!!!!!!!!ZFS 2ution !!!!!!!!!!!
What is
ZFS ?
ZFS is a new kind of file system. ZFS is
a combined file
system and logical volume manager. The features of ZFS include data integrity
verification against data
corruption modes, support for high storage capacities,
integration of the concepts of filesystem and volume management, snapshots and copy-on-write clones, continuous integrity checking and
automatic repair,RAID-Z and native NFSv4 ACLs.
ZFS
Pool
ZFS uses the concept of storage
pools to manage physical storage.
Historically, file systems were constructed on top of a single physical device.

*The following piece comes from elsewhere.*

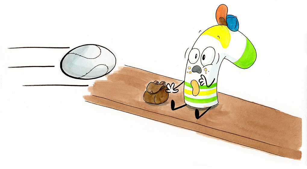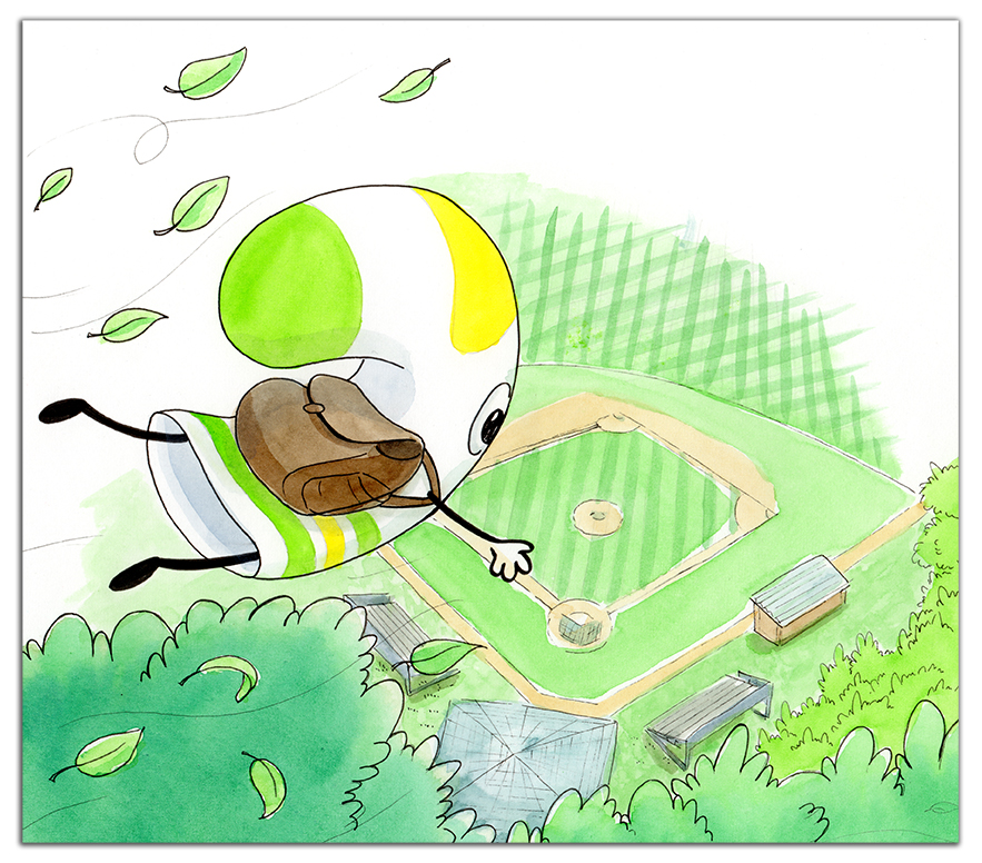 Here is a sketch of Sammy with your Dad enjoying the baseball game. I also worked out more of the beach scene and sketched out Sammy trying to pull down a peach from a branch.

To address multiple devices and provide for data redundancy, the concept of a volume manager was introduced to provide a
representation of a single device so that file systems would not need to be
modified to take advantage of multiple devices. This design added another layer
of complexity and ultimately prevented certain file system advances because the
file system had no control over the physical placement of data on the
virtualized volumes.
ZFS eliminates volume
management altogether. Instead of forcing you to create virtualized volumes,
ZFS aggregates devices into a storage pool. The storage pool describes the
physical characteristics of the storage (device layout, data redundancy, and so
on) and acts as an arbitrary data store from which file systems can be created.
File systems are no longer constrained to individual devices, allowing them to
share disk space with all file systems in the pool. You no longer need to predetermine
the size of a file system, as file systems grow automatically within the disk
space allocated to the storage pool. When new storage is added, all file
systems within the pool can immediately use the additional disk space without
additional work. In many ways, the storage pool works similarly to a virtual
memory system: When a memory DIMM is added to a system, the operating system
doesn't force you to run commands to configure the memory and assign it to
individual processes. All processes on the system automatically use the
additional memory.
Using zfs (basics )
Creating and manipulating
zpools (zfs)
Zpools
are the underlying device layers for zfs filesystems. Mirrors, RAIDs and
Concatenated Storage are defined here.
For pooling devices, zpools can be:
- a mirror
- a RAIDz with single or double parity
- a concatenated/striped storage
This work sheet has been done with Solaris 10 running on a virtual Parallels
machine. The disks are not real, they are virtualized by Parallels, giving 8 GB
to each disk. Not much, but enough to play with.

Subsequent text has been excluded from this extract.